Load data from the following files, if you haven't already
-
people.json
as JSON -
wiki-pageviews.txt
as text -
github.json
as JSON
In this section, we will read JSON data from the "people.json"
file and display the first 5 rows of the DataFrame.
import org.apache.spark.sql.Dataset;
import org.apache.spark.sql.Row;
import org.apache.spark.sql.SparkSession;
public class DataLoadingExample {
public static void main(String[] args) {
// Create a SparkSession
SparkSession spark = SparkSession.builder()
.appName("DataLoadingExample")
.getOrCreate();
// Read "people.json" into a DataFrame
Dataset<Row> folksDF = spark.read().json("data/people.json");
// Display the first 5 rows of folksDF
folksDF.limit(5).show();
// Stop the SparkSession
spark.stop();
}
}
Now, we will read text data from the "wiki-pageviews.txt"
file and display the first 5 rows of the DataFrame.
import org.apache.spark.sql.Dataset;
import org.apache.spark.sql.Row;
import org.apache.spark.sql.SparkSession;
public class DataLoadingExample {
public static void main(String[] args) {
// Create a SparkSession
SparkSession spark = SparkSession.builder()

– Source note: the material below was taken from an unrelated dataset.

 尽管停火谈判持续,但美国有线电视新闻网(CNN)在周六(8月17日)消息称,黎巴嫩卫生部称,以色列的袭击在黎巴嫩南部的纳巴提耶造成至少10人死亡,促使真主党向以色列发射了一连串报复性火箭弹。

.appName("DataLoadingExample")
.getOrCreate();
// Read "wiki-pageviews.txt" into a DataFrame
Dataset<Row> viewsDF = spark.read().text("data/wiki-pageviews.txt");
// Display the first 5 rows of viewsDF
viewsDF.limit(5).show();
// Stop the SparkSession
spark.stop();
}
}
In this section, we will read more complex JSON data from the "github.json"

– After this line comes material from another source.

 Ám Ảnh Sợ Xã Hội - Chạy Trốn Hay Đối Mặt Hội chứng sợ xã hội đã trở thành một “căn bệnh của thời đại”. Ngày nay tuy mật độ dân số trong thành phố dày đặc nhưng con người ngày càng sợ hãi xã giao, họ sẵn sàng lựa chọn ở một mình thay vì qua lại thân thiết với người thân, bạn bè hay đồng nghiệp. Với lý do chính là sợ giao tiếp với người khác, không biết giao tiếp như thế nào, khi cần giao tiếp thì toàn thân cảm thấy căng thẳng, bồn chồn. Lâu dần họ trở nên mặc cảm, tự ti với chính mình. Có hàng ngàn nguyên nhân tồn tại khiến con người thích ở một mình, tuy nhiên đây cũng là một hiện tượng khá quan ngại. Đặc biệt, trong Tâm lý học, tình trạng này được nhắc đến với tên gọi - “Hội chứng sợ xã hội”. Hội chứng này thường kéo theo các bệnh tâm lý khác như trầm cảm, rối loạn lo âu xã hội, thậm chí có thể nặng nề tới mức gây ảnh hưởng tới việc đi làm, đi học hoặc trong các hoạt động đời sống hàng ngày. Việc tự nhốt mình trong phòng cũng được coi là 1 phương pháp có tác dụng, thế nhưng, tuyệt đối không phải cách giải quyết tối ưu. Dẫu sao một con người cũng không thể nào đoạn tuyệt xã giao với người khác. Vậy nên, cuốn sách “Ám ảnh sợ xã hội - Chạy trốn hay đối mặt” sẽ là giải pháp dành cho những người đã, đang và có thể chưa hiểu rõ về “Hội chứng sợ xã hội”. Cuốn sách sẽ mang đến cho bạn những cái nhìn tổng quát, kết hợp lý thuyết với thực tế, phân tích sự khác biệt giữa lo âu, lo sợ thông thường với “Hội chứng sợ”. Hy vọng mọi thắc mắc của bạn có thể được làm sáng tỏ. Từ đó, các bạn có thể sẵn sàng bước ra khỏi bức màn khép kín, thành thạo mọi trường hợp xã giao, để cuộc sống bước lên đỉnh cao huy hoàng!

file and display the first 5 rows of the DataFrame.
import org.apache.spark.sql.Dataset;
import org.apache.spark.sql.Row;
import org.apache.spark.sql.SparkSession;
public class DataLoadingExample {
public static void main(String[] args) {
// Create a SparkSession
SparkSession spark = SparkSession.builder()
.appName("DataLoadingExample")
.getOrCreate();
// Read "github.json" into a DataFrame
Dataset<Row> githubDF = spark.read().json("data/github.json");
// Display the first 5 rows of githubDF
githubDF.limit(5).show();
// Stop the SparkSession
spark.stop();
}
}
In this section, we will write the "folksDF" DataFrame as a Parquet file.

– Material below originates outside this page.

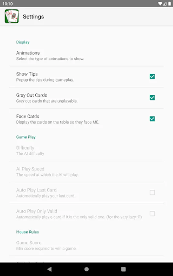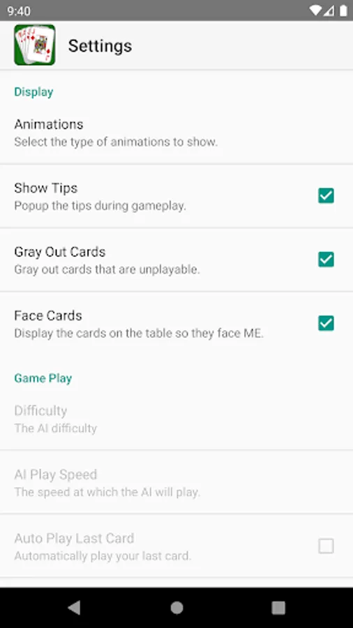 - Display options: Animations, Show Tips, Gray Out Cards, Face Cards

import org.apache.spark.sql.Dataset;
import org.apache.spark.sql.Row;
import org.apache.spark.sql.SparkSession;
public class DataLoadingExample {
public static void main(String[] args) {
// Create a SparkSession
SparkSession spark = SparkSession.builder()
.appName("DataLoadingExample")
.getOrCreate();
// Assuming folksDF is already defined and contains data
// Write out folksDF as a Parquet file
folksDF.write().parquet("data/people.parquet");
// Stop the SparkSession
spark.stop();
}
}
In this section, we will write the "folksDF" DataFrame as a CSV file.
import org.apache.spark.sql.Dataset;
import org.apache.spark.sql.Row;
import org.apache.spark.sql.SparkSession;
public class DataLoadingExample {
public static void main(String[] args) {
// Create a SparkSession
SparkSession spark = SparkSession.builder()
.appName("DataLoadingExample")
.getOrCreate();
// Assuming folksDF is already defined and contains data
// Write out folksDF as a CSV file with headers
folksDF.coalesce(1).write().option("header", true).csv("data/people.csv");
// Stop the SparkSession
spark.stop();
}
}
This Java code demonstrates how to load and manipulate data using Apache Spark. You can adapt these examples to read and write data in various formats and perform more complex data processing tasks in your Spark applications.